HTTP request sent, awaiting response... 204 No Content

The upload log entries:

[tusd] 2023/05/17 05:18:00.848108 event="UploadCreated" id="9eec7f3c271cb983cc4f883c97289f23+MTc5YjIxZjktMDhjYi00OGZjLWI4MjItYTkyYjFhZDE1NWUz" size="3744012" url="https://tusd.dev.asdc.cloud.edu.au/files/9eec7f3c271cb983cc4f883c97289f23+MTc5YjIxZjktMDhjYi00OGZjLWI4MjItYTkyYjFhZDE1NWUz" 
[tusd] 2023/05/17 05:18:01.240267 event="RequestIncoming" method="PATCH" path="9eec7f3c271cb983cc4f883c97289f23+MTc5YjIxZjktMDhjYi00OGZjLWI4MjItYTkyYjFhZDE1NWUz" requestId="b10a374902da0f56c499fd63e46f7115" 
[tusd] 2023/05/17 05:18:01.408458 event="ChunkWriteStart" id="9eec7f3c271cb983cc4f883c97289f23+MTc5YjIxZjktMDhjYi00OGZjLWI4MjItYTkyYjFhZDE1NWUz" maxSize="3744012" offset="0" 
[tusd] 2023/05/17 05:18:02.919309 event="ChunkWriteComplete" id="9eec7f3c271cb983cc4f883c97289f23+MTc5YjIxZjktMDhjYi00OGZjLWI4MjItYTkyYjFhZDE1NWUz" bytesWritten="3744012" 
[tusd] 2023/05/17 05:18:04.528701 event="ResponseOutgoing" status="204" method="PATCH" path="9eec7f3c271cb983cc4f883c97289f23+MTc5YjIxZjktMDhjYi00OGZjLWI4MjItYTkyYjFhZDE1NWUz" requestId="b10a374902da0f56c499fd63e46f7115" 
[tusd] 2023/05/17 05:18:04.528723 event="UploadFinished" id="9eec7f3c271cb983cc4f883c97289f23+MTc5YjIxZjktMDhjYi00OGZjLWI4MjItYTkyYjFhZDE1NWUz" size="3744012" 

The download log entries:

[tusd] 2023/05/17 05:18:34.182769 event="RequestIncoming" method="GET" path="9eec7f3c271cb983cc4f883c97289f23+MTc5YjIxZjktMDhjYi00OGZjLWI4MjItYTkyYjFhZDE1NWUz" requestId="ab0d0994b9ab05eb1597c387d80afdbb" 
[tusd] 2023/05/17 05:18:34.518524 event="ResponseOutgoing" status="204" method="GET" path="9eec7f3c271cb983cc4f883c97289f23+MTc5YjIxZjktMDhjYi00OGZjLWI4MjItYTkyYjFhZDE1NWUz" requestId="ab0d0994b9ab05eb1597c387d80afdbb" 

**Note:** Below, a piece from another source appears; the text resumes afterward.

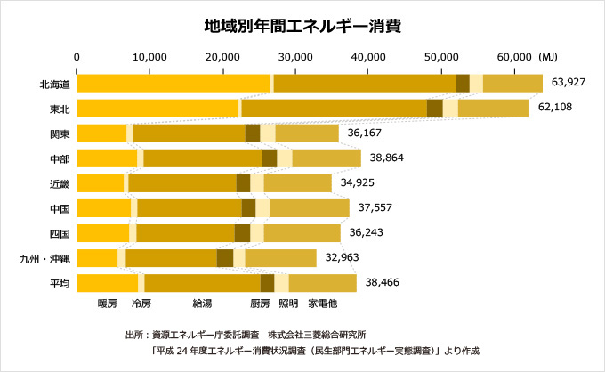 地域によってかなり差がありますが、どの地域でも、暖房と給湯がかなりエネルギーを消費します。

The 9eec7f3c271cb983cc4f883c97289f23.info file:

{"ID":"9eec7f3c271cb983cc4f883c97289f23+MTc5YjIxZjktMDhjYi00OGZjLWI4MjItYTkyYjFhZDE1NWUz","Size":3744012,"SizeIsDeferred":false,"Offset":0,"MetaData":{"filename":"DSC_0425.JPG","filetype":"image/jpeg","name":"DSC_0425.JPG","relativePath":"null","type":"image/jpeg"},"IsPartial":false,"IsFinal":false,"PartialUploads":null,"Storage":{"Bucket":"asdc-uploads","Key":"9eec7f3c271cb983cc4f883c97289f23","Type":"s3store"}}

@dylanmcculloch
Copy link

Hi @Acconut, I help administer the Openstack Swift cluster that @OKaluza is using.
We've reproduced the issue in our test environment.

Operating System: Linux
Used tusd version: Built from git main
Used tusd data storage: AWS S3 interface to OpenStack Swift
Used tusd configuration: -s3-bucket xxx -s3-endpoint yyy -hooks-dir=./examples/hooks/
Used tus client library: tuspy 1.0.0

For an upload that results in a 0 byte object, it looks like the tusd/aws client initially sends the correct object to Swift/S3, but then the client almost immediately overwrites the object with a 0 byte object.

The main issue appears to be that after the tusd/aws client sends the UploadPart request it immediately performs a subsequent ListParts call.
It looks like there's a race condition due to the "eventually consistent" nature of Openstack Swift/S3, which means the response from the ListParts call sometimes does not include the part that was just sent. In that circumstance it performs another upload, but at this point it only sends a 0 byte object.
I patched tusd to enable aws client debug logging [1] which revealed the following.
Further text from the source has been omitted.